Воскресение в Третьем Риме — страница 115 из 121

– Конечно, медбрат Фауст слишком стар и вряд ли мог быть назван в честь вашего Фауста. Скорее, здесь замешан гётевский Фауст, вряд ли Фауст Марло. Ну что ж, белые начинают. Не каждому доводилось играть с гроссмейстером Ярловым. Ваш ход, господин Фавстов… Ах да, вы не можете двигать рукой! Извините, но вы так хорошо выглядите, что я совсем забыл об этом. Ну что ж, ваш ход за вами. А вас мы развлечем другим способом. Все-таки пока что лучше не утомлять вас.

Ярлов встал со стула. Я спросил его, нельзя ли мне видеть молодого человека, которого все называют Федорыч. Ярлов заговорщически мне подмигнул:

– Я рад, что этот молодой человек трудной судьбы заинтересовал вас. Я передам ему, что вы о нем спрашивали.

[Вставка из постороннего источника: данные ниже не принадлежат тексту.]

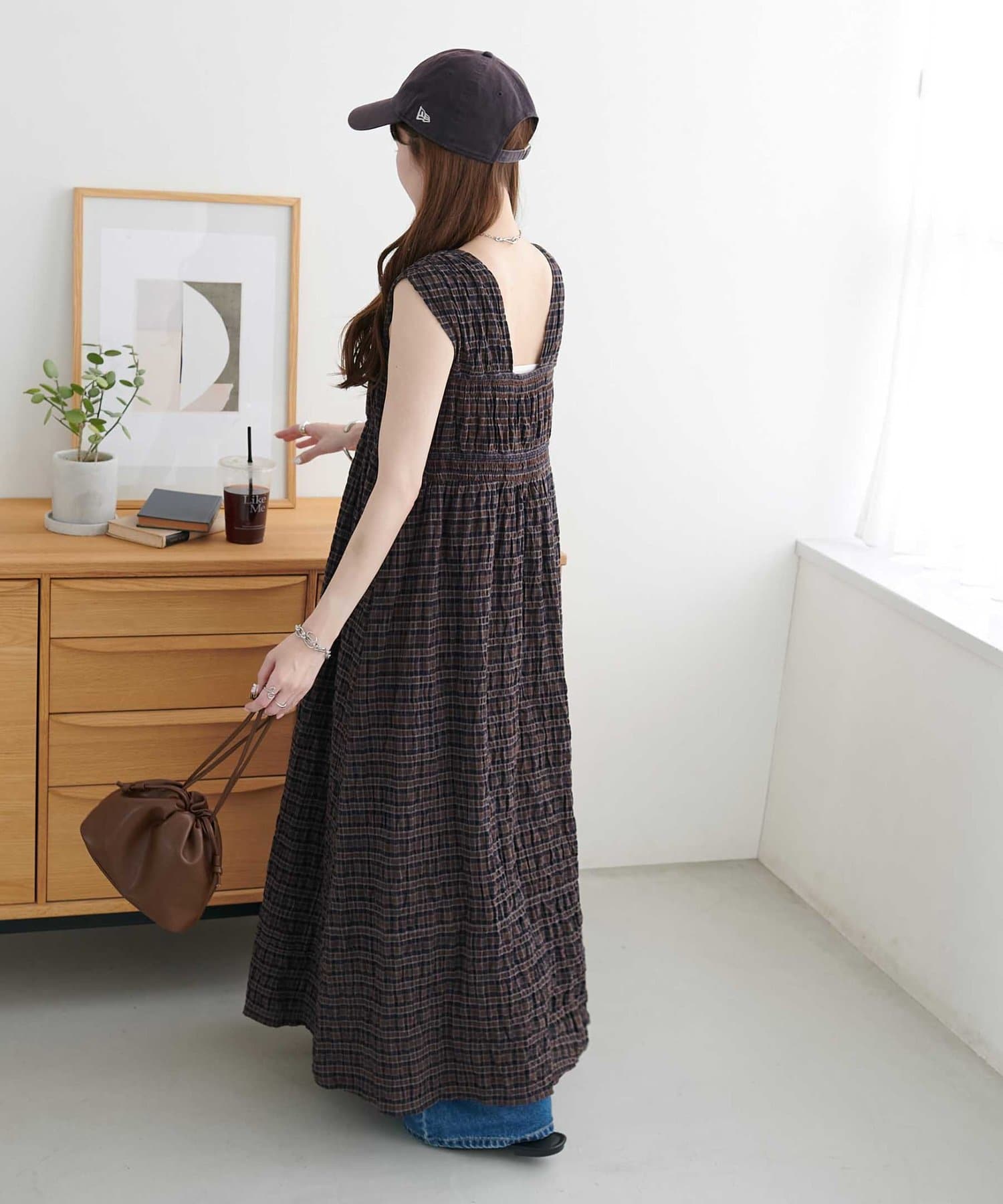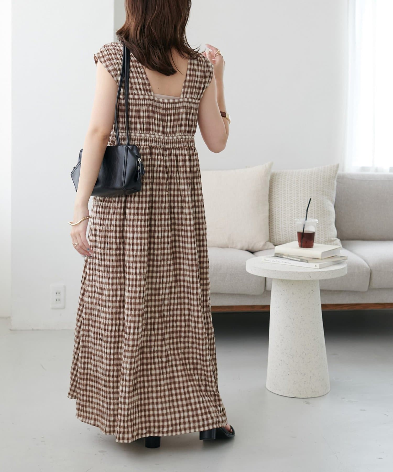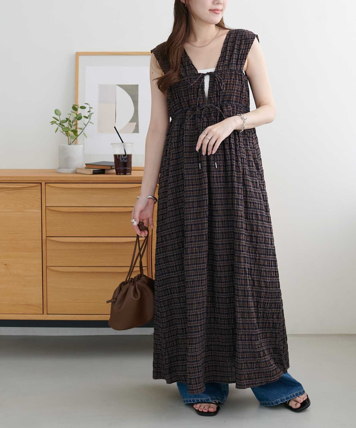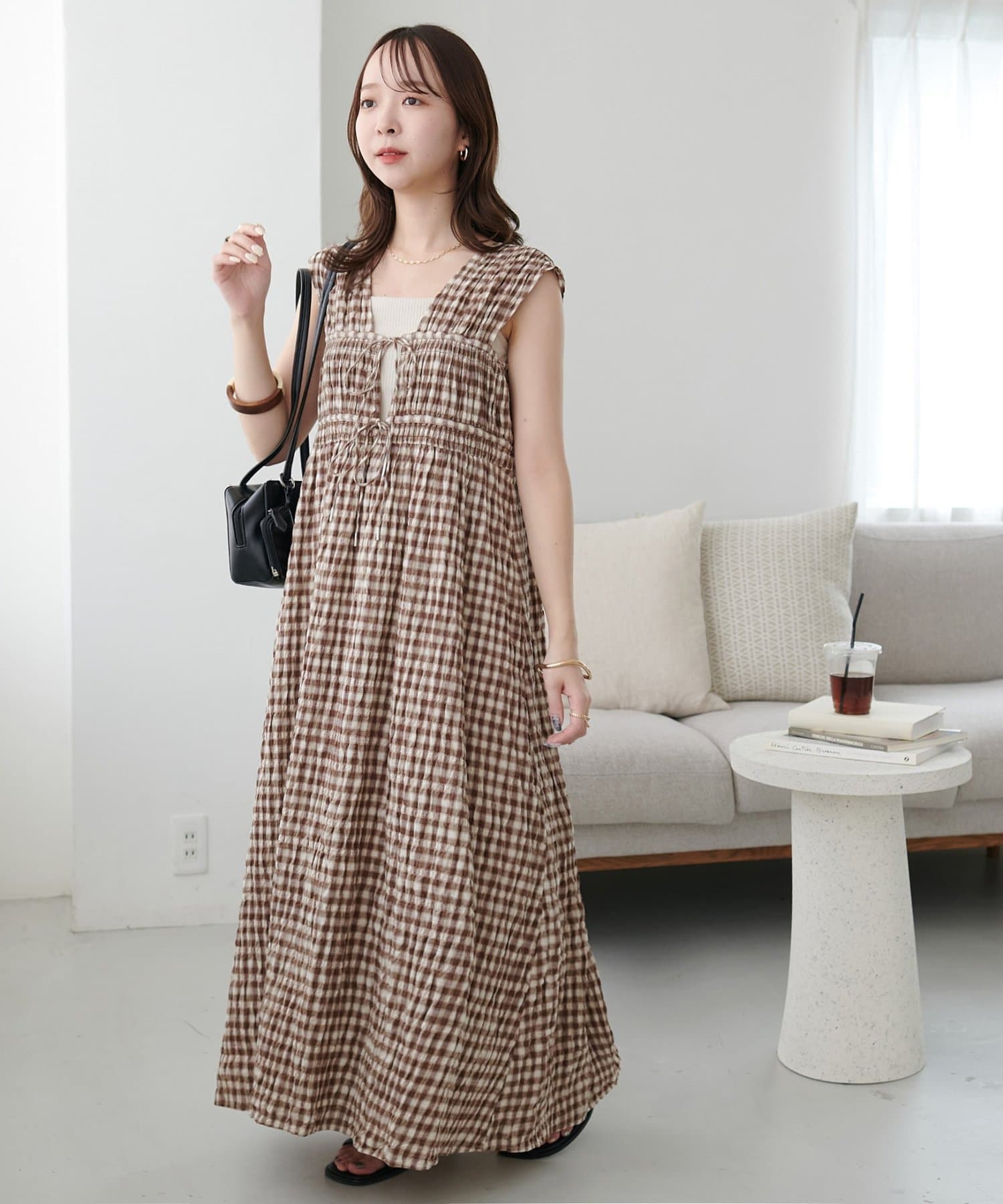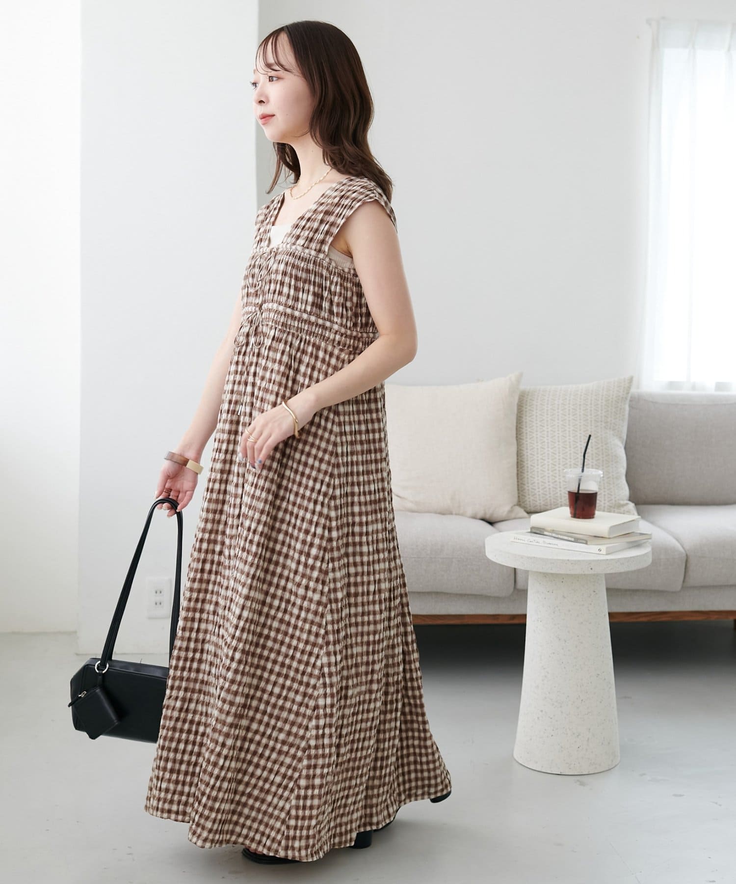 シャーリングチェックノースリワンピース
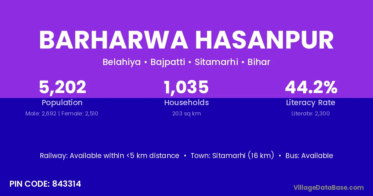 Sitamarhi (16 km) is the nearest town to Barharwa Hasanpur village for major economic activities and is located approximately 16 km away.
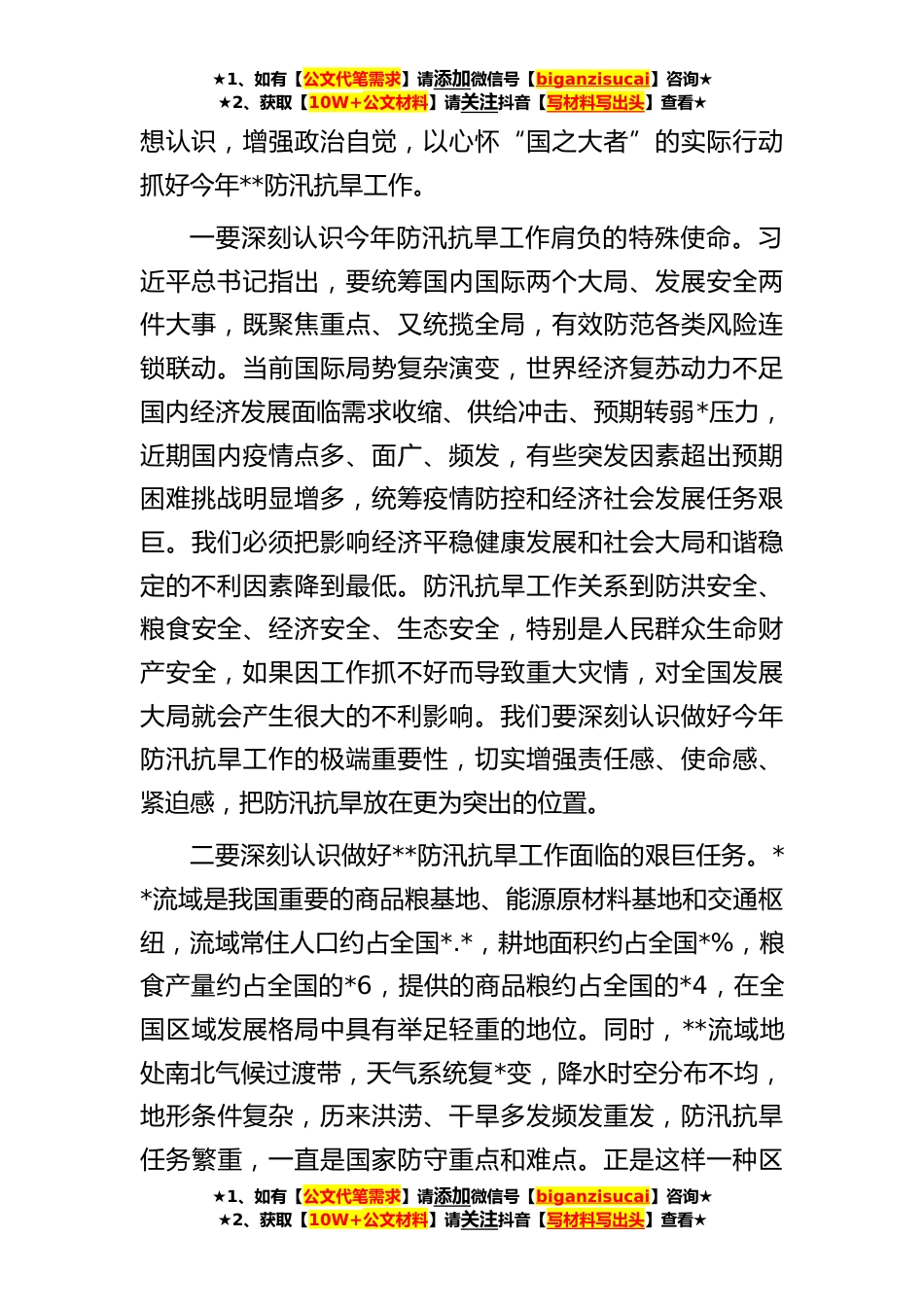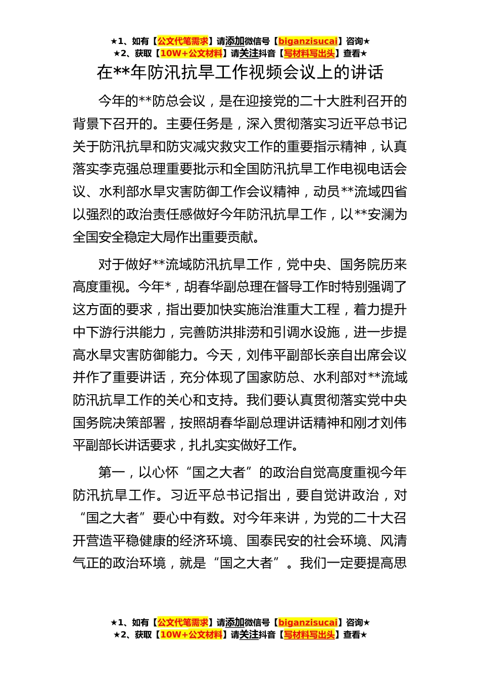 ★1、如有【公文代笔需求】请添加微信号【biganzisucai】咨询★★2、获取【10W+公文材料】请关注抖音【写材料写出头】查看★在**年防汛抗旱工作视频会议上的讲话今年的**防总会议,是在迎接党的二十大胜利召开的背景下召开的。主要任务是,深入贯彻落实习近平总书记关于防汛抗旱和防灾减灾救灾工作的重要指示精神,认真落实李克强总理重要批示和全国防汛抗旱工作电视电话会议、水利部水旱灾害防御工作会议精神,动员**流域四省以强烈的政治责任感做好今年防汛抗旱工作,以**安澜为全国安全稳定大局作出重要贡献。对于做好**流域防汛抗旱工作,党中央、国务院历来高度重视。今年*,胡春华副总理在督导工作时特别强调了这方面的要求,指出要加快实施治淮重大工程,着力提升中下游行洪能力,完善防洪排涝和引调水设施...
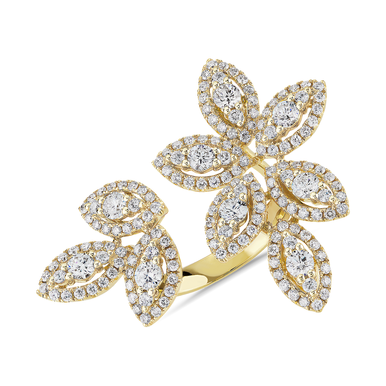 Make a decadent fashion statement with this nature-inspired piece created in brilliant diamonds and on-trend yellow gold. Unfortunately, we can’t resize this style, so please measure your ring size carefully. Also, we recommend this ring for special occasions only because we are unable to make repairs.
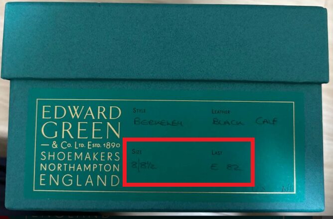 次に重要なのが「ラスト(木型)」の番号です。エドワードグリーンには数多くのラストが存在しますが、箱のラベルにどの番号が書かれているかで、その靴の性格だけでなく、おおよその製造時期も分かります。

Но сейчас, к сожалению, Федорыч в командировке, в очень ответственной командировке.

Ярлов затворил за собой дверь, но через несколько минут дверь снова отворилась, и в мою палату внесли телевизор. У меня едва шевелились только пальцы левой руки. Я не мог даже книгу листать. Кое-что вслух мне читала Клавдия. Но кнопки на пульте я мог перебирать, так что на некоторое время я погрузился в телевидение.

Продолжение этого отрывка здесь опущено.